A year later, a story conference with Grant, Huemer, Disney, and members of the story department expanded on Grant's story. The mother-in-law character was rewritten into Aunt Sarah, and Disney suggested the name "Tramp". Ted Sears introduced the dog pound setting, and Greene suggested a romance between the two leading dog characters. However, Grant and Huemer objected to the idea, suggesting it was "distasteful" and "utterly contrary to nature." Story development was paused due to Disney scaling back animation projects to cheaper package films and would not resume until 1952. Despite his contributions to Lady and the Tramp (1955), Grant was not given screen credit. In 2006, Disney Home Entertainment acknowledged Grant's involvement in a making-of documentary.

In September 1943, Grant and Huemer were assigned to write a story adaptation for Cinderella (1950), but their preliminary story development was paused in 1945. In 1947, both worked on early story development for Alice in Wonderland (1951). Both men struggled with adapting Lewis Carroll's fantasy novel into a workable story outline. English author Aldous Huxley was hired to write new story treatments and eventually a script, which was too complex for animation that Grant complained "it only compounded the confusion." Grant's collaboration with Huemer ended in 1948, after Huemer was laid off from Disney.

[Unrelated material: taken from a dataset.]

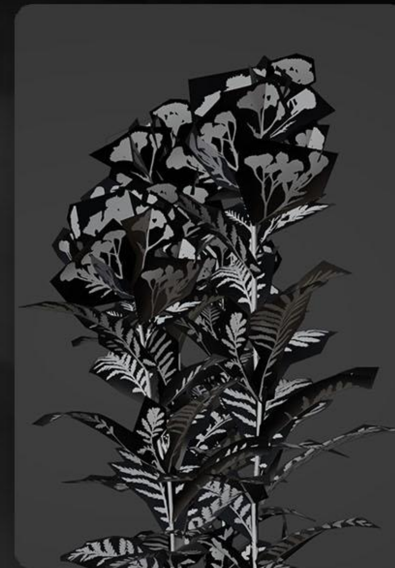
This plant rely on alpha masks

===1949–1989: Interim years===
By the late 1940s, Disney's interest in animation was waning as he looked to expand into live-action films, television, and an amusement park attraction. Grant had noticed and was angered, stating in first-person plural: "We thought [Walt] should do nothing but cartoons. And when he went into anything else, we felt a betrayal." On April 13, 1949, Grant departed from Disney. By then, the Character Model Department had been dissolved. That same year, inspired by his wife Jennie, Grant formed a ceramics company transferring photographs onto plates, as well created tiles and sculptures.

During the 1950s, he formed the greeting card company, Castle Ltd, which was later acquired by Williamhouse-Regency Inc. Grant reflected: "They said, 'If you don't let us buy you out, we'll take your line over. Grant agreed, and through the sale, he became financially independent. During the 1970s, he also founded Opechee Designs, another ceramics studio, with his wife.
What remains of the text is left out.